Parent Company purchased an 80% interest in Subsidiary Company for $600,000 on January 1, 20XI, when Subsidiary Co had the following balanc sheet.

Assets

Cash $ 75,000

Inventory 120,000

Land 90,00

Building,net 270,000

Equipment,net 80,000

Total Assets $635,000

Liabilites and Equity

Current liabilites $100,000

Common Stock,$5 par 50,000

Paid-in capital in excess par 160,000

Retained earnings 325,000

Total Liabilites an Eqyuity $635,000

The fair values and book values of the identifiable net assets are the same except for the following. Land is understated by $50,000. The building has a fair value of $250,000 and a 20-year remaining life. The equipment has a fair value of $90,000 and a remaining life of 5 years. Any remaining excess is attributed yo good will.

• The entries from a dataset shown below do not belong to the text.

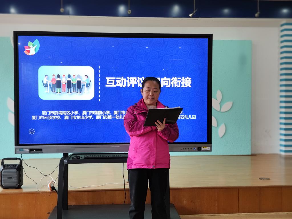 最后厦门市前埔南区小学高芳副校长总结了本次活动,高副校长认为这两堂课从主题、内容、学习能力上体现了幼小衔接,开课的两位老师都重视“如何培养孩子会学习”,幼儿园和小学在课上展现了不同的培养方式;幼小衔接的课堂研究要扎根日常,开展常态性的研讨活动,让衔接真正落地。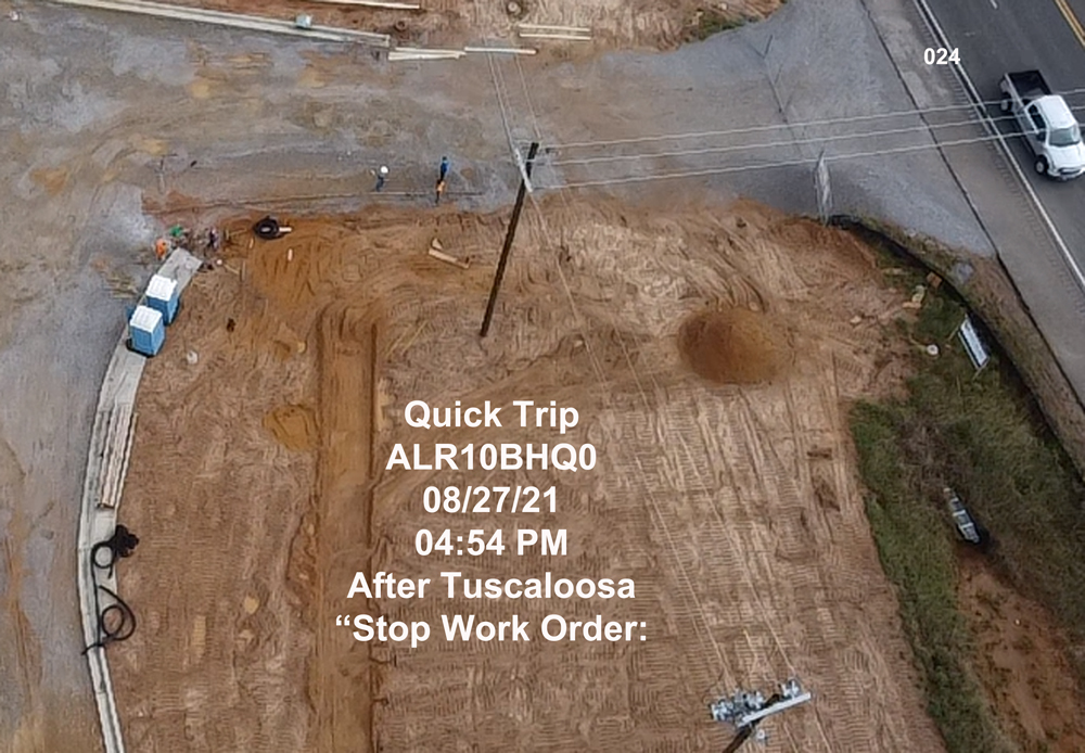 At 11:28 AM, 08/27/21, I photographed Tuscaloosa City officials onsite. By 03:48 PM a “Stop Work Order” was issued. All construction activity except working on BMPs was to cease. At 04:54 I found them still building a concrete form for the front entrance. I notified Tuscaloosa.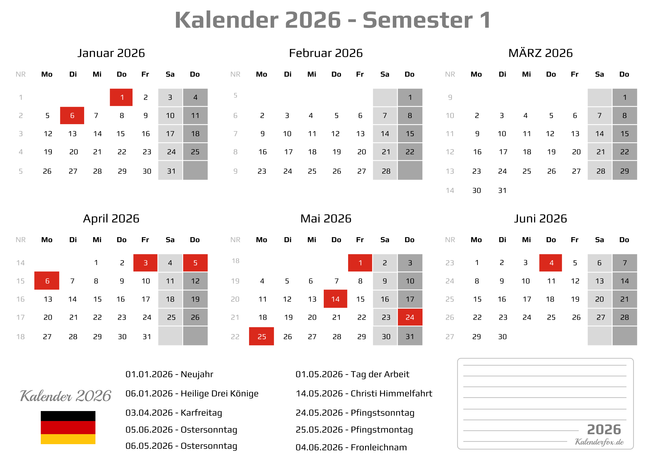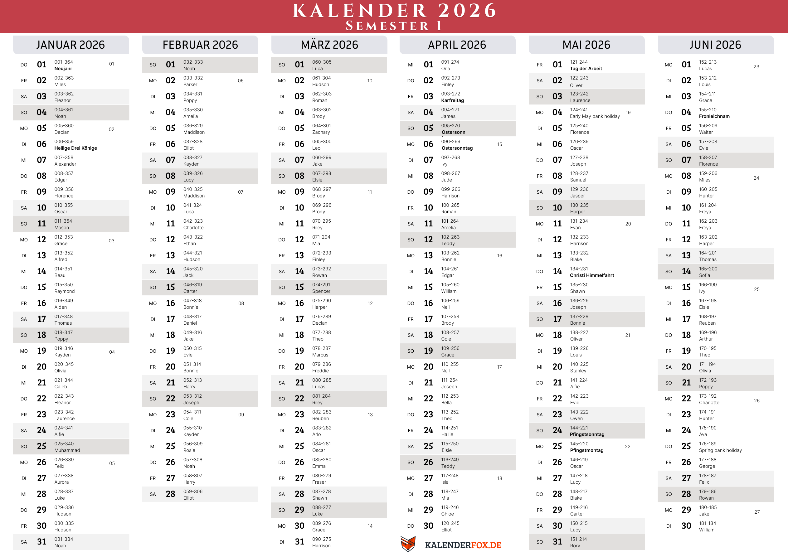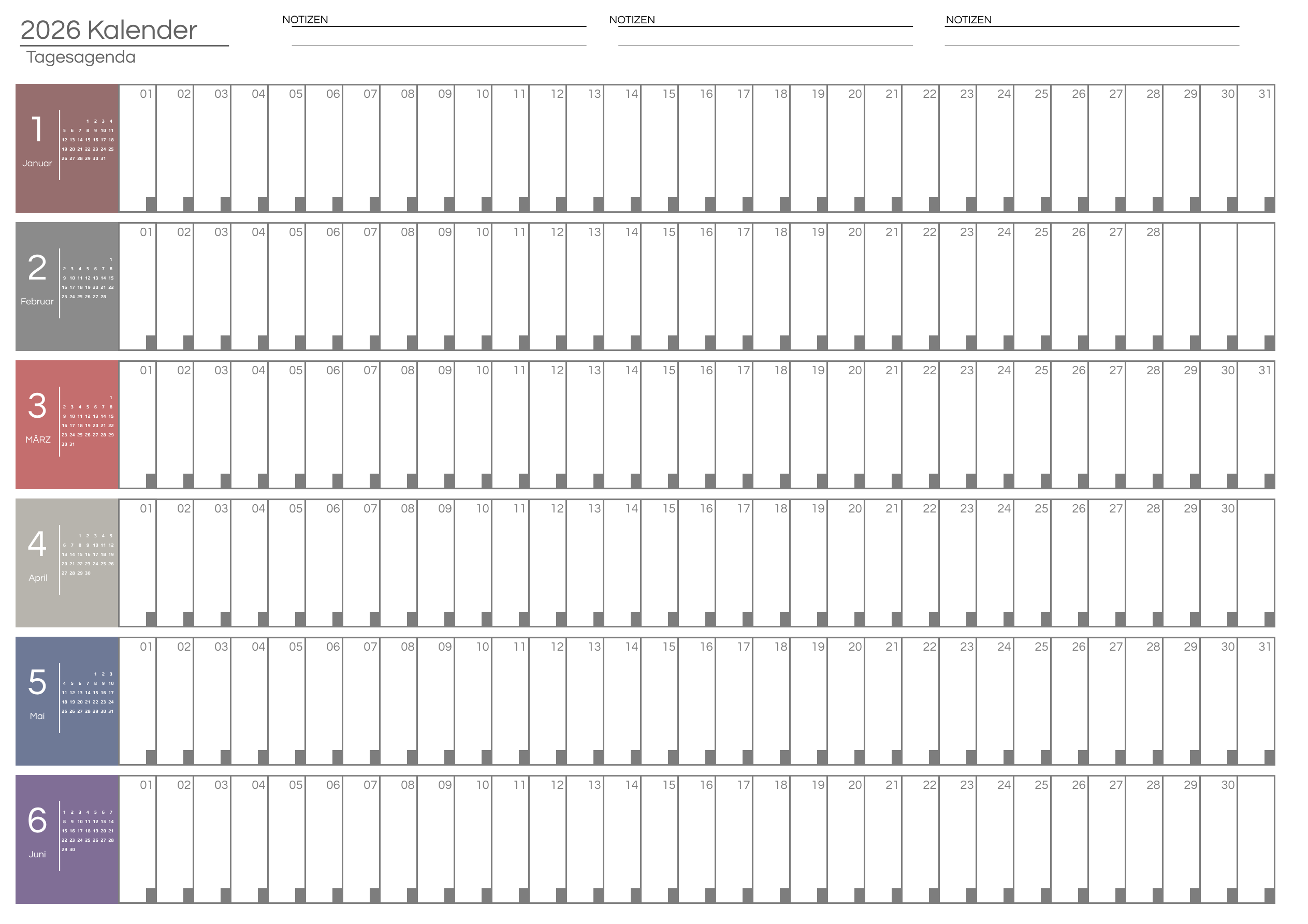 Unsere Kalender für das erste Halbjahr 2026 decken den Zeitraum vom 1. Januar 2026 bis zum 30. Juni 2026 ab. Die Kalender für das zweite Halbjahr 2026 beginnen am 1. Juli 2026 und enden am 31. Dezember 2026. Download und Druck im A4-Querformat – 1 Seite.

From Jan.1 through Dec. 31, 20XI, Sudsidiary Co. had net income of $150,000 and paid $20,000 in dividends.

Assume that Parent Co. uses "the simple equity method"to record its investments in Sudsidiary Co.

C) Compute the balance which should appear in Investment in Subsidiary Co. and in Subsidiary Income on Dec. 31,20XI PRIOR TO CONSOLIDATION

Hint: You ,must use "T" accounts to post your entries.